- **Entries provided**
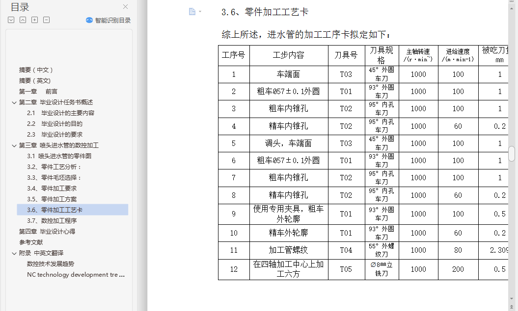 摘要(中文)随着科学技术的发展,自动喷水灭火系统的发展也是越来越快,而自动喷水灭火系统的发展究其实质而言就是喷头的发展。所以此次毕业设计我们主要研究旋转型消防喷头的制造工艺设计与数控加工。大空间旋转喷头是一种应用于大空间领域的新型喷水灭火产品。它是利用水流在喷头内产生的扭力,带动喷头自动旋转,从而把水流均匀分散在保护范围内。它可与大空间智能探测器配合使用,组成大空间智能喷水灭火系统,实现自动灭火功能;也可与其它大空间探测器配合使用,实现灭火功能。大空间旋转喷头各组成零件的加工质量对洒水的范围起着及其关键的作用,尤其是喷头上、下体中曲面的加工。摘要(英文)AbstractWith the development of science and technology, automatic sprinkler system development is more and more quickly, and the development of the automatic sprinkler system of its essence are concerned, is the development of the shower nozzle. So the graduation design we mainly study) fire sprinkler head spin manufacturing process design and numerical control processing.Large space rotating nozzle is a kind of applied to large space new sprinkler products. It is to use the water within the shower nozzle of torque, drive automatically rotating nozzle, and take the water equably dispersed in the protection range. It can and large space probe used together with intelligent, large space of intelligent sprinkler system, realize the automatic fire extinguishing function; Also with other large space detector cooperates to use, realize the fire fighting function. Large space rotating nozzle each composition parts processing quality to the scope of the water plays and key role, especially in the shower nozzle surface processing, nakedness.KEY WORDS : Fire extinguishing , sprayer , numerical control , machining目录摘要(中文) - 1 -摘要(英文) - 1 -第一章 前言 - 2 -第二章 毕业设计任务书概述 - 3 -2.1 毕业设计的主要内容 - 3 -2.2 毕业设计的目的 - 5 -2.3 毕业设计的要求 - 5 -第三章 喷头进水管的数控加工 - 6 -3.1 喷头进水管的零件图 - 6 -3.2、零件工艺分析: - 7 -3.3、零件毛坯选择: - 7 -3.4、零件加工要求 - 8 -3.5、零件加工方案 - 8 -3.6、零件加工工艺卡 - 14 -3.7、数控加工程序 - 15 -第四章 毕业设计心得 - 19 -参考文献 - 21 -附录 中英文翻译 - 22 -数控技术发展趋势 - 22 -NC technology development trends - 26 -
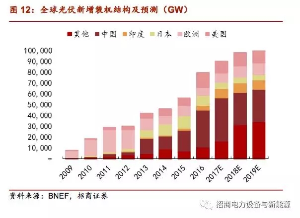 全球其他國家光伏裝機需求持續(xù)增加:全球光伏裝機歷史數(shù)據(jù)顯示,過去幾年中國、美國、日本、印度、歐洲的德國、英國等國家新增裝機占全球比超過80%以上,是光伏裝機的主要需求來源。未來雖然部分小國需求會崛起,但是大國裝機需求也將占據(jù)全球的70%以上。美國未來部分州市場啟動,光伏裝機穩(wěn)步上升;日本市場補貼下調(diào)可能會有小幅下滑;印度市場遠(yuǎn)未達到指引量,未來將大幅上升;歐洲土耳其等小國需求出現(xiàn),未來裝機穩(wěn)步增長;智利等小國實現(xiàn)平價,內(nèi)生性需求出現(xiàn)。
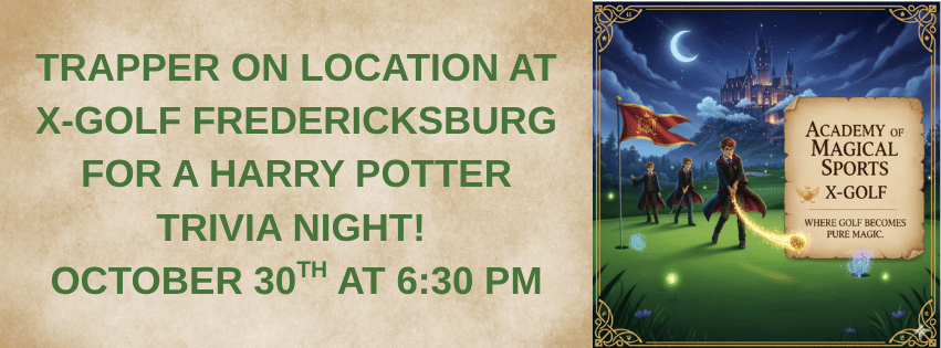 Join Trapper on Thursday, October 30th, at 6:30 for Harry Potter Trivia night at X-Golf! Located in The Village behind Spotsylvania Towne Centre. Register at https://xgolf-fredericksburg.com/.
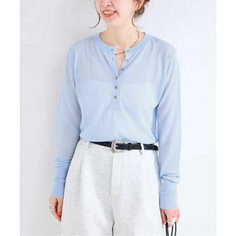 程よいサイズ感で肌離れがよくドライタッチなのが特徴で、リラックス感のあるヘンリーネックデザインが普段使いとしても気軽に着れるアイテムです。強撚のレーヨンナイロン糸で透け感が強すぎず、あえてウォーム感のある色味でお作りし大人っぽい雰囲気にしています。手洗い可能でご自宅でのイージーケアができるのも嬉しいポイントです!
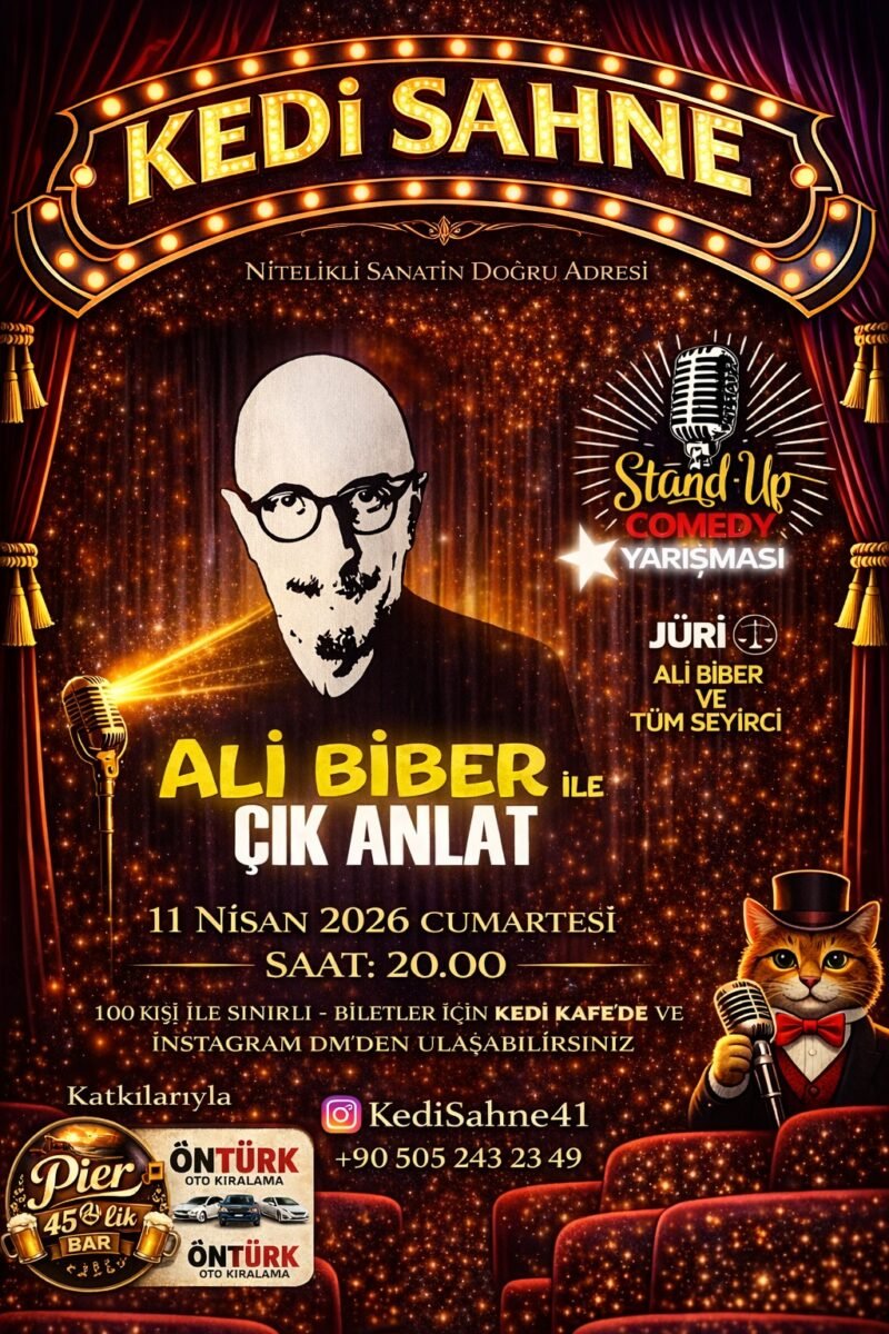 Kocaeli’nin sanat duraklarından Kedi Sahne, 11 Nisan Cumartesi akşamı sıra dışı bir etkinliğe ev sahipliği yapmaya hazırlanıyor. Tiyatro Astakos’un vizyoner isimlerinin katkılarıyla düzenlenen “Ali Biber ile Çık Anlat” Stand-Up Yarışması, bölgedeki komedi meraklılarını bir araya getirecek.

- **Work to complete**
Only the lines starting at the one that holds "Join Trapper on" and ending at the last line of the data belong in your answer. Please set them down exactly and omit the pictures.

- **Exercise answer**
 Join Trapper on Thursday, October 30th, at 6:30 for Harry Potter Trivia night at X-Golf! Located in The Village behind Spotsylvania Towne Centre. Register at https://xgolf-fredericksburg.com/.
 程よいサイズ感で肌離れがよくドライタッチなのが特徴で、リラックス感のあるヘンリーネックデザインが普段使いとしても気軽に着れるアイテムです。強撚のレーヨンナイロン糸で透け感が強すぎず、あえてウォーム感のある色味でお作りし大人っぽい雰囲気にしています。手洗い可能でご自宅でのイージーケアができるのも嬉しいポイントです!
 Kocaeli’nin sanat duraklarından Kedi Sahne, 11 Nisan Cumartesi akşamı sıra dışı bir etkinliğe ev sahipliği yapmaya hazırlanıyor. Tiyatro Astakos’un vizyoner isimlerinin katkılarıyla düzenlenen “Ali Biber ile Çık Anlat” Stand-Up Yarışması, bölgedeki komedi meraklılarını bir araya getirecek.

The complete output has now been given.